CC-NUMA is programmer-transparent, too. A NUMA system typically has a scheduler that knows how to migrate pages from node to node and that understands processor affinity. So the program doesn't have to worry about memory allocation at the hardware level at all, except in the very most extreme cases.Originally posted by mathiasr
It should be entirely transparent... unless Apple shifts to a NUMA architecture where apps would have to avoid storing to much data in remote location memory, since each CPU would have local (fast) and remote (some what slower, remote is indeed local to another CPU) memory.
In an SMP design memory has always the same access time (as long the bus is not saturated).
In other words, if you start a process on processor 12, that process is generally going to stay running on processor 12, even after dropping out of the run queue for things like blocking I/O. That's processor affinity.
When a process running on processor 12 allocates a block of memory, the system allocates that memory in the closest bank of RAM, topologically speaking. If that's not on the local node, then the system will page-migrate the memory to the local node as local RAM becomes available. This happens completely invisibly from the perspective of the application.
Now, NUMA systems are designed in multi-dimensional cube topologies, which means that even in a thousand-processor system a processor is never more than seven router hops away from the furthest bank of memory. In a 1,024-processor SGI Origin 3000 system like NASA's Chapman, for example, the average memory latency is 480 ns and the worst-case memory latency is only 640 ns. Best-case latency is 170 ns. So the total variance from best-case to worst-case is only about 3.7. And that's across a thousand processors. Oh, also that's with standard memory modules. And remember this is CPU-to-main-memory. In the real world, latencies are much lower thanks to fat caches and predictive fetching. Particularly in sequential-read applications like video processing for example (read a byte, write a byte; or read a vector, write a vector), the vast majority of the time the cache line that the processor reaches for next has already been loaded into cache predictively, so sequential applications are very cache-friendly.
For comparison, the round-trip time to main memory in a Power Mac G4 is about 95 ns.

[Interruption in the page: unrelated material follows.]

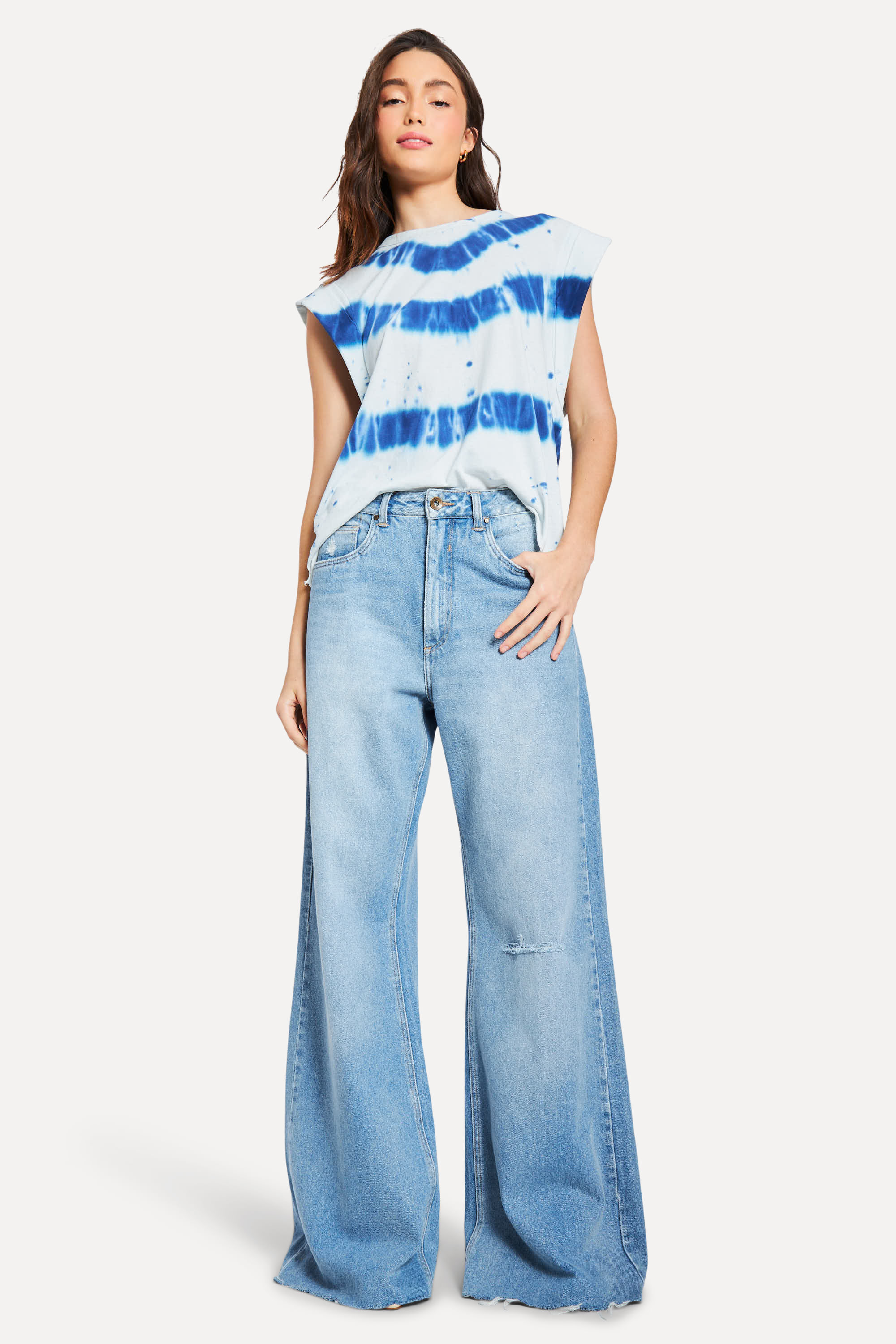 Calca Jeans Wide Leg High

Throw a NUMA memory controller in there, and you would see memory latencies pretty much in line with the fastest computers in the world, give or take a few percent. In other words, you would NOT have to worry about local versus remote memory.

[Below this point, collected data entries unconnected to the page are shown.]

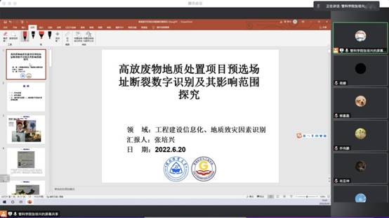2022年6月20日,公司张培兴博士通过腾讯平台做了题为“高放废物地质处置项目预选场址断裂数字识别及其影响范围探究”的学术讲座。讲座由周娜博士主持,公司教师及工程管理专业研究生参加了此次讲座。
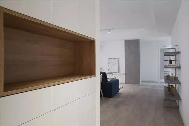 入戶視角,一股簡約風撲面而來,大面積的使用白色,讓空間寬敞又明亮。過道設計了一組置物架,擺放居家用品,保持室內(nèi)整潔。
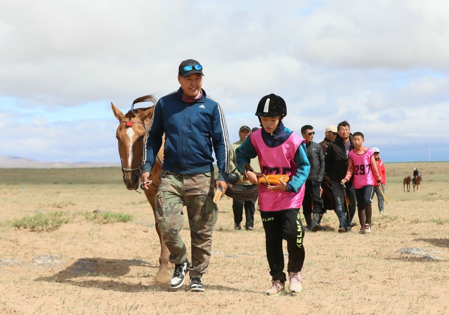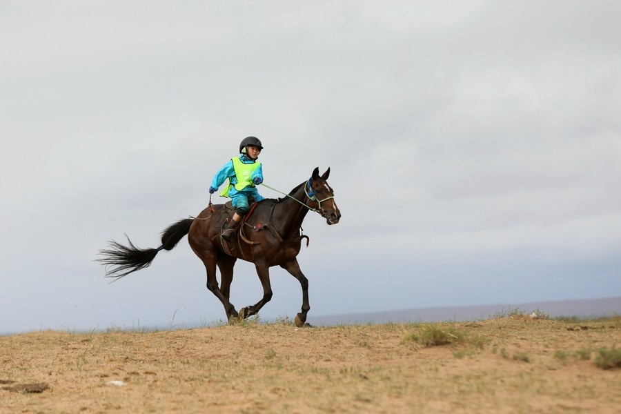7月16日上午,內(nèi)蒙古自治區(qū)第34屆草原那達慕24公里賽馬,在錫林浩特希日塔拉草原舉行。來自蘇尼特右旗的13歲少年安琪爾,騎乘叔叔青格勒家的新6歲馬,在最后百余米沖刺階段,超越對手獲得冠軍。
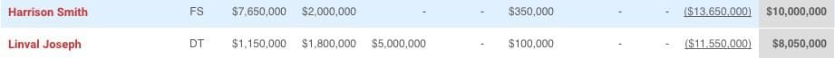 18 MILLION NFL SALARY CAP DOLLARS = 2 TOP DEFENSIVE PLAYERS (Harrison Smith + Linval Joseph Caliber)
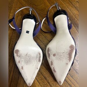 Step into luxury with these stunning Giorgio Armani purple silk heels. Featuring delicate strappy details and a sleek pointed toe, they bring an effortlessly elegant touch to any outfit. The rich purple silk adds a sophisticated sheen, perfect for evening events or special occasions.
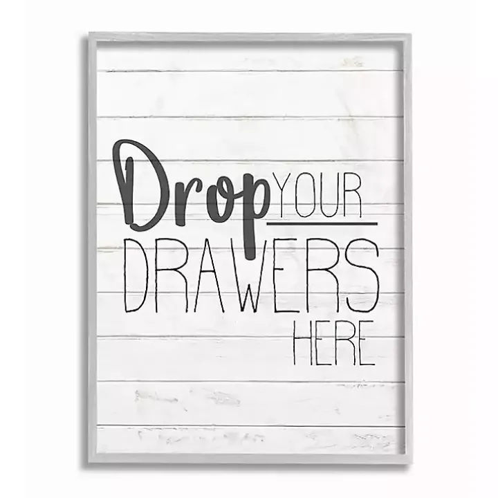 Our Drop Your Drawers Here Framed Wall Plaque delivers a sassy and cheeky message in a stylish way. This plaque is perfect for your bathroom or laundry room.

Now, in HPC/TC applications, programmers can directly manipulate the memory topology of a NUMA system to suit their needs. They can allocate given blocks of memory on given nodes if they so choose. That kind of application tuning is saved for the sort of long-running jobs where tweaking the memory allocations might save you a week or two of computer time over the course of the run. You won't see that kind of optimization on anything less than a supercomputer for a long, long time, because it just won't be worth it. Hand-coding the memory handling in a NUMA version of After Effects might save you three minutes over the course of a year. Hardly worth the effort.
Now, none of this means anything, except this: if Apple were to decide to implement small-scale NUMA (< 16 processors) using chips that are instruction-set compatible with the PowerPC G4 family, it would not be necessary for application vendors to go back and change their code to run on the new systems.